*** TASK INPUT ***
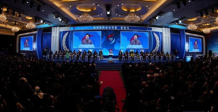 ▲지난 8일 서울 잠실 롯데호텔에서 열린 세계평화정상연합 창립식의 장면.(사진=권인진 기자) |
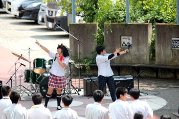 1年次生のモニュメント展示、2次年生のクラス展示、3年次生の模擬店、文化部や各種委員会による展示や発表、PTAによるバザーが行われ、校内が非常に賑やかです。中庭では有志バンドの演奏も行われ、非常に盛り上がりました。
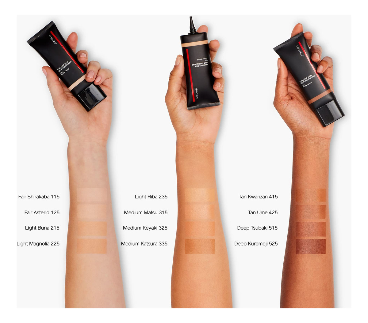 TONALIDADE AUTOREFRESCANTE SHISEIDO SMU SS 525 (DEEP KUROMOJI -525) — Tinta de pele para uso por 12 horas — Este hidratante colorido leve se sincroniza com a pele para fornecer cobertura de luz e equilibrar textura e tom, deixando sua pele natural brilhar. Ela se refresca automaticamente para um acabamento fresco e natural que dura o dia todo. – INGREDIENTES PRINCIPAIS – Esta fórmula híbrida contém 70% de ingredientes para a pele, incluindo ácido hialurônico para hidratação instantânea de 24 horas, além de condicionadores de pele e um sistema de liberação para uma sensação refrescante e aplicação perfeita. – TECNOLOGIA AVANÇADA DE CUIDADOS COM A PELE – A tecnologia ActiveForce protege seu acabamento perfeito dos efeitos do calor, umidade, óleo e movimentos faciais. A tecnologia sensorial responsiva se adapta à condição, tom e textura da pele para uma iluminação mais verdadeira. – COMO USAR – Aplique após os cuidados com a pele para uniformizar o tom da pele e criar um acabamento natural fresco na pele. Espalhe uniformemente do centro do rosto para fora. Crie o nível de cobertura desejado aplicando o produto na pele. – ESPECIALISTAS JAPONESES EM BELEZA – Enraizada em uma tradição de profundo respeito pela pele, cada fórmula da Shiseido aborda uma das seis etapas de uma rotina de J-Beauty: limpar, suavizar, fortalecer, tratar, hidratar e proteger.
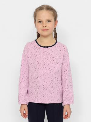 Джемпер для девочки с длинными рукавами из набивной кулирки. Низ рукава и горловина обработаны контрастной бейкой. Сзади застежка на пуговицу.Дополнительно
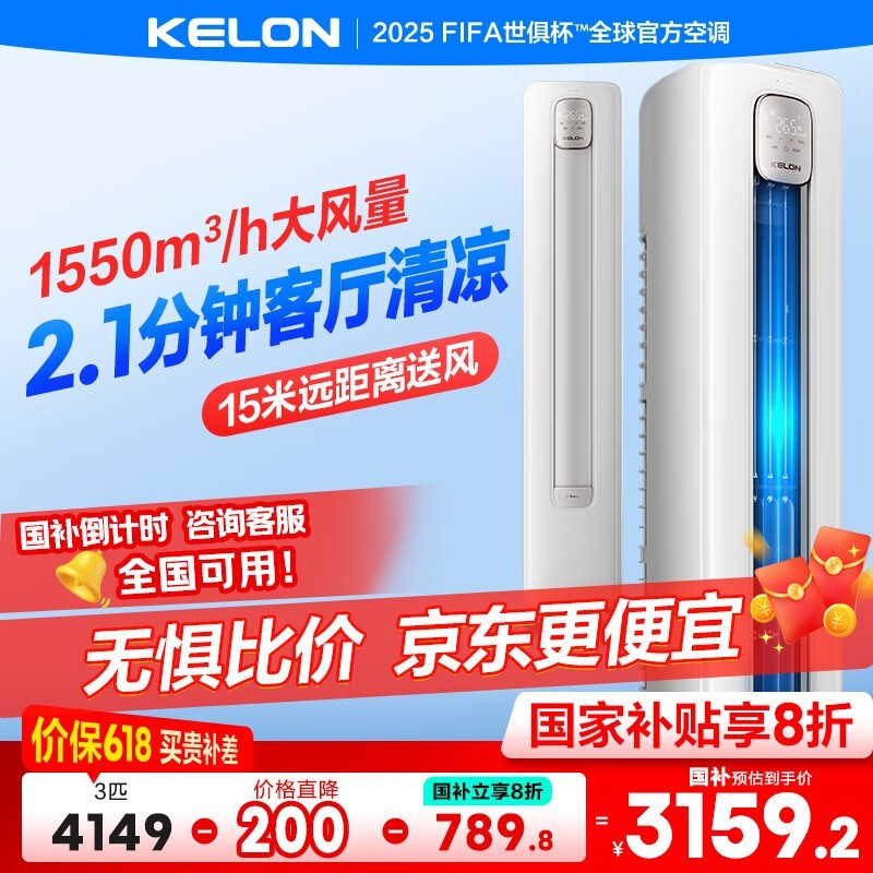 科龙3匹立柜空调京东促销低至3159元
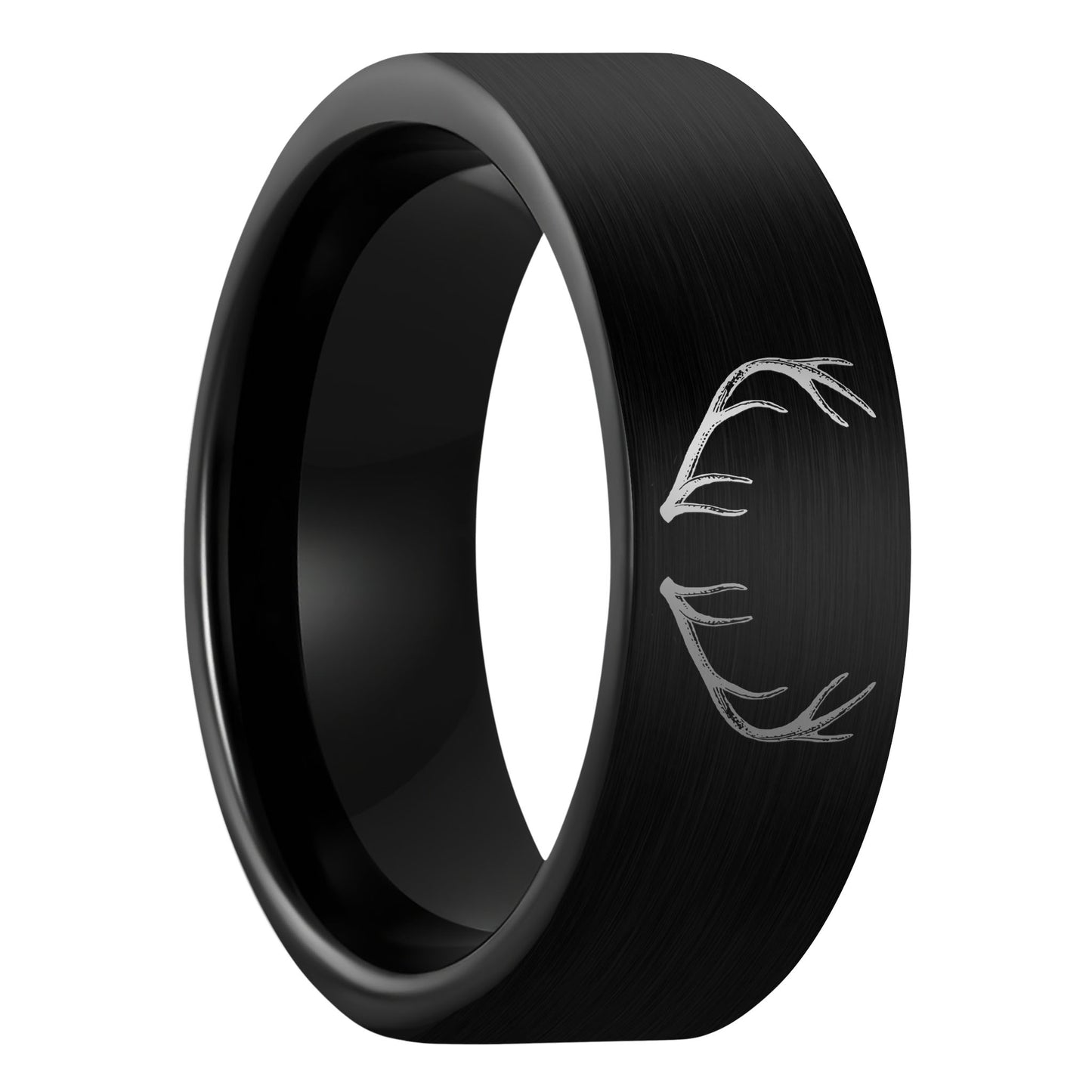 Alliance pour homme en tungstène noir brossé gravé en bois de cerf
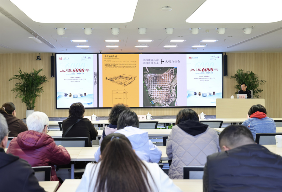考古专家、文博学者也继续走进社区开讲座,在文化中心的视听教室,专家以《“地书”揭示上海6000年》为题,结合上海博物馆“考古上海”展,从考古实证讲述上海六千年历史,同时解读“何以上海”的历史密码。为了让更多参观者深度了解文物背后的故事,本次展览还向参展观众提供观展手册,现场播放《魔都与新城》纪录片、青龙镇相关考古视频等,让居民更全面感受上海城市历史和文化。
*** End of TASK INPUT ***
§ **EXERCISE DIRECTIONS**: Exact copy, pictures excluded: from the line with "Джемпер для девочки" up to and including the line with "Alliance pour homme" in the data above.

§ **EXERCISE OUTPUT**:
 Джемпер для девочки с длинными рукавами из набивной кулирки. Низ рукава и горловина обработаны контрастной бейкой. Сзади застежка на пуговицу.Дополнительно
 科龙3匹立柜空调京东促销低至3159元
 Alliance pour homme en tungstène noir brossé gravé en bois de cerf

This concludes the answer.